1) The MD ship surveyors inspect each vessel to determine if the work is necessary. The MD technical staff then reviews the proposed work and schedules with the user. The user develops a priority list of the work to be done on the vessels. When scheduling conflicts arise, DA DCSOPS provides a resolution.

2) Ship surveyor prepares statement of work (SOW).

3) A contract is awarded to a commercial shipyard based on the SOW.

4) Ship surveyor coordinates schedule with using unit. Vessel is delivered to the shipyard.

5) Ship surveyor and representative from unit monitor work performed.

6) Vessel is inspected after completion of work and returned to the unit.

C. OCCM program schedule and costs. Table 6-1 outlines the OCCM program funding requirements for the Army Force XXI watercraft fleet (183 craft). Divesture of old craft and procurement of new craft have been considered in the development of the funding requirements.


Table 6-1. OCCM Program Funding Requirements (FY97 – FY12)

6-7. MATERIEL CHANGE/EXTENDED SERVICE PROGRAMS. An MC is the first approach considered when a user identified deficiency exists that affects mission capability. An ESP is considered when a vessel has reached 60 percent of its economic useful life. The major difference between MC and ESP is that an MC improves performance or corrects a deficiency, and an ESP extends useful life. The difference is academic since both are executed in the same manner. A detailed analysis will be conducted by the Materiel Developer to determine what systems are affected and the cost of a MC/ESP vs. new procurement vs. status quo. A special in-process review (IPR) is held to review alternatives and reach formal decisions on program direction.

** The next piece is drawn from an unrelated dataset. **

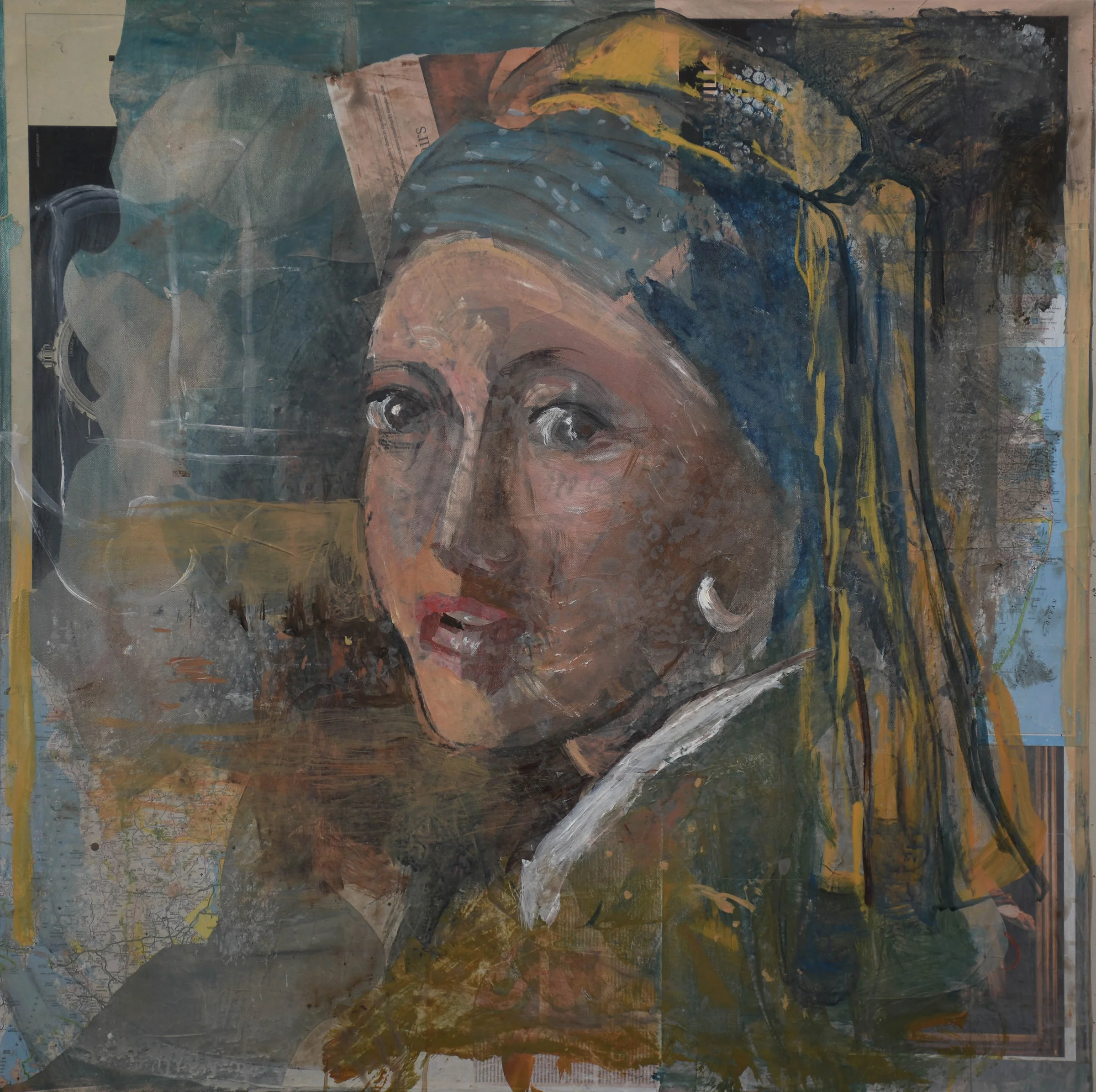 the painting has definitely improved after todays work. it's more cohesive. as usual, i'll know in the morning whether it needs further work. my discovery of pressed bubble wrap drenched in color as a means of creating texture is exciting, and i'm trying not to overdo it. mindlessness sucks. but i feel it does mirror vermeer's use of the camera obscura to break the image up into little dots of color.
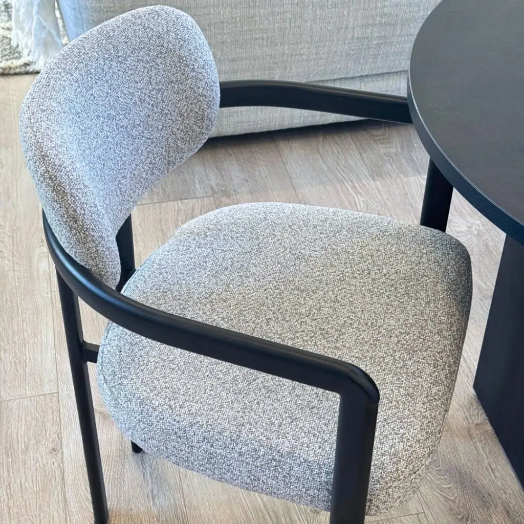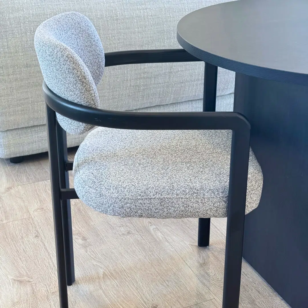 Combine style and comfort in daily meals. Lean back on the soft grey upholstery and let the sturdy frame support long dinners effortlessly.

A. MC programs are designed to accomplish one or more of the following:

1) Correct operational and/or safety deficiencies — Quality Deficiency Reports (QDRs) and Equipment Improvement Reports (EIRs) are submitted by the user to identify problems that affect operation, safety, readiness, and/or mission capability. The MC program is the process used by the materiel developer to correct these deficiencies.

2) Improve supportability — Readiness levels can drop due to nonavailability and/or obsolescence of parts. An MC program identifies replacement parts and applies them to the fleet. Maintaining configuration control ensures that watercraft can be supported when deployed.

3) Comply with federal/international regulations — Regulatory guidance is provided by the U.S. Coast Guard, Code of Federal Regulations (CFR), Global Marine Distress Safety System (GMDSS), Safety of Life at Sea (SOLAS), International Maritime Organization (IMO), executive orders, and other federal and international agencies. The U.S. Army must comply with any regulatory requirements. Failure to comply with regulatory requirements limits training and operational areas, and in extreme cases, access to some facilities and locations can be denied for failure to comply with regulations.

B. An ESP is considered when a given vessel reaches 60 percent of its life expectancy, as stated in Technical Bulletin (TB) 43-0002-26. A service-life extension is required when major components of a marine system are determined to be no longer supportable. ESPs typically affect power train, power generation systems, marine sanitation devices, and crew accommodations. The ESP process is driven by availability and supportability of systems in the wholesale and/or retail community. This program replaces obsolete and unserviceable components to extend the life of the vessel and provide mission-capable and supportable systems. The program is not intended to upgrade, enhance, or change the original operational capability of the vessel involved. During the ESP process, a determination will be made, as to the length of life extension. Normal length of this extension is 12 years, per the TB cited above.

C. MC/ESP Process. End users, the combat developer, and the materiel developer are involved throughout the MC and ESP process.

1) The materiel developer conducts an analysis of the vessel class being considered for MC or ESP as a result of a QDR/EIR, a drop in readiness rates, or the vessel has reached 60 percent of its life expectancy.

2) The materiel developer, combat developer, and end users review alternatives and associated costs. The combat developer then provides direction based on input from the end users and the materiel developer.

3) Then, the materiel developer produces a prototype for test and evaluation.

4) The combat developer reviews the test and evaluation and provides direction on vessel modification, based on current and future mission requirements.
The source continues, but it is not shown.